- _Work to complete_:
Below are records; how many of their lines contain "team"? Give the number and no other words.

- _Exercise materials_:
────

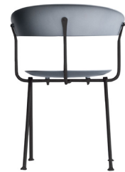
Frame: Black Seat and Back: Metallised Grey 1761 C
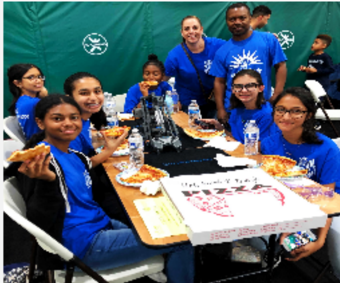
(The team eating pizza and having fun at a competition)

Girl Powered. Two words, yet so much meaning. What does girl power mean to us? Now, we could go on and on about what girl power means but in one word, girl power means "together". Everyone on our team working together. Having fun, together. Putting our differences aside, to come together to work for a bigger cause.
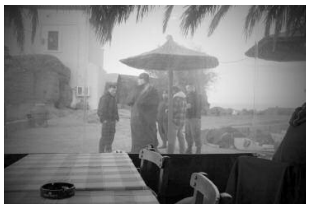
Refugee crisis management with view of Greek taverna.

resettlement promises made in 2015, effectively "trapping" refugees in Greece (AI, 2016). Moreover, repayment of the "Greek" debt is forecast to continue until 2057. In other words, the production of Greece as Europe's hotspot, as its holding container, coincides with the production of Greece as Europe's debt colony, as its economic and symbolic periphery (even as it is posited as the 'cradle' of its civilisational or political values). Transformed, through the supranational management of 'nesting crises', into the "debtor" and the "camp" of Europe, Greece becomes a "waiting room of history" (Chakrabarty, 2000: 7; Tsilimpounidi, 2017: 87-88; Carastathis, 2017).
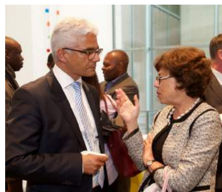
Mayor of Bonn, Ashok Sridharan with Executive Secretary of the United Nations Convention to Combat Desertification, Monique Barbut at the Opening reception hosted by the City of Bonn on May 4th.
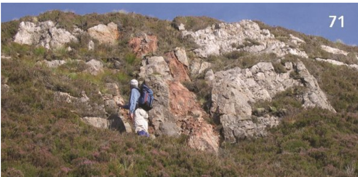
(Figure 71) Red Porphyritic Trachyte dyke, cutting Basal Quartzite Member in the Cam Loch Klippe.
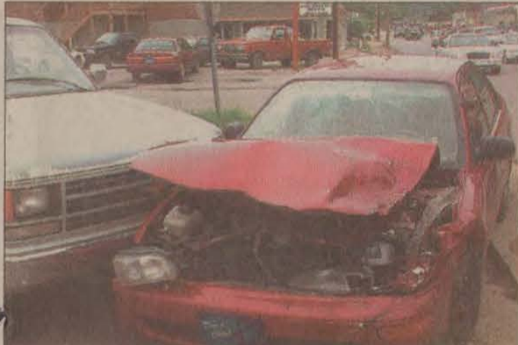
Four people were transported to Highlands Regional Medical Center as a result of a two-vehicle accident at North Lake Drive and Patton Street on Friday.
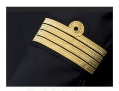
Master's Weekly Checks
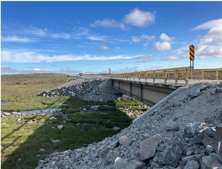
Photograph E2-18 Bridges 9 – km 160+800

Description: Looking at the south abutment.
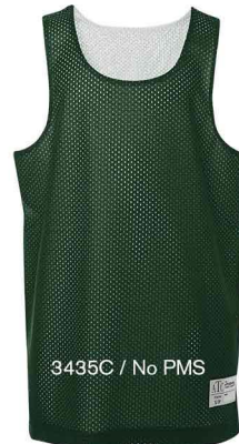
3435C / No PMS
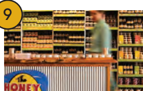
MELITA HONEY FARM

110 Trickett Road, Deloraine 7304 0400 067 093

────

- _Finished exercise_:
2